Tropical and subtropical reservoirs are subject to anthropic interference, influencing the characteristics of environment and the phytoplankton community organization (Rangel et al. 2016). In our case, although the studied reservoir comprises an important water supply source, the region suffers an intense anthropic impact, mainly due to agricultural activity, threatening the quality of the rivers that supply the reservoir (Carneiro et al. 2010), which may suggest a possible explanation for the greater contribution of some groups, such as MBFG I, III and VII, represented mainly by cyanobacteria.

Thus, it is important to consider the influence of tributaries on the formation of reservoirs, since they influence the geographic, climatic and water quality characteristics (Kennedy et al. 1985). Therefore, we suggest future studies that include the assessment of tributaries that influence the studied reservoir, in order to assess the influence on the central body of the reservoir and its trophic conditions, since the degradation of the rivers that form the reservoir can influence the management of the multiple uses, mainly due to its use for public supply.
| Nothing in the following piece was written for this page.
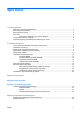 W wskazówki instalacyjne 8 wskaźniki stanu 3 wyjmowanie bateria 31 dysk twardy 18 napęd optyczny 23 panel dostępu 8 pokrywa portów 28 pokrywa przednia 9 zaślepki napędów 11 wyładowania elektrostatyczne, zapobieganie uszkodzeniom 38 wymiana baterii 31 Z zabezpieczenia blokada kablowa 34 Blokada zabezpieczająca komputera HP Business 36 kłódka 35 zalecenia dotyczące pracy komputera 39 zalecenia dotyczące wentylacji 39 zasilanie gniazdo kabla 3 przycisk 2 zakres napięcia roboczego 29 zatrzask zwalniający instal

The conservation of aquatic ecosystems and the possibility of their multiple uses, such as supply, are dependent on the maintenance of environmental quality. In such a way, the understanding of the organisms' response to environmental variability helps in the understanding of the ecosystem services offered by the reservoirs and in the proposal of a sustainable exploration (Tundisi and Matsumura-Tundisi 2003). Thus, the morphofunctional characteristics grouping organisms in different MBFG have been used by several researchers, making responses to environmental conditions simpler and more objective (Bortolini et al. 2016; Lobo et al. 2018). Then, understanding the MBFG dynamics can be a form of simplification in determining the relationship between phytoplankton and environmental heterogeneity, as well as in the water quality investigation of the reservoirs.